***** Source material

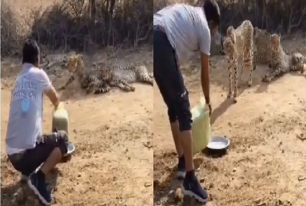 कूनो नेशनल पार्क में एक ग्रामीण ने प्यासे चीता और उसके शावकों को पानी पिलाया, वायरल वीडियो
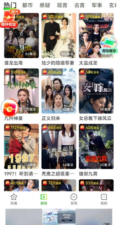 3、点击底部菜单栏里的“剧场”选项,就能浏览到多样的短剧分类和推荐内容。
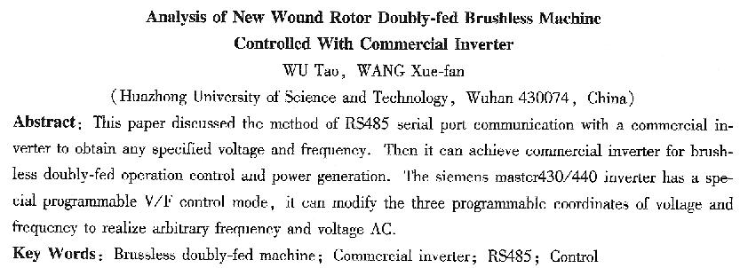 關(guān)鍵詞:無刷雙饋電機(jī);商用變頻器;RS485;控制方法

**********

▶ **Problem statement**: Omit the pictures, then print the rest of the listing above exactly.

▶ **Exercise result**:
 कूनो नेशनल पार्क में एक ग्रामीण ने प्यासे चीता और उसके शावकों को पानी पिलाया, वायरल वीडियो
 3、点击底部菜单栏里的“剧场”选项,就能浏览到多样的短剧分类和推荐内容。
 關(guān)鍵詞:無刷雙饋電機(jī);商用變頻器;RS485;控制方法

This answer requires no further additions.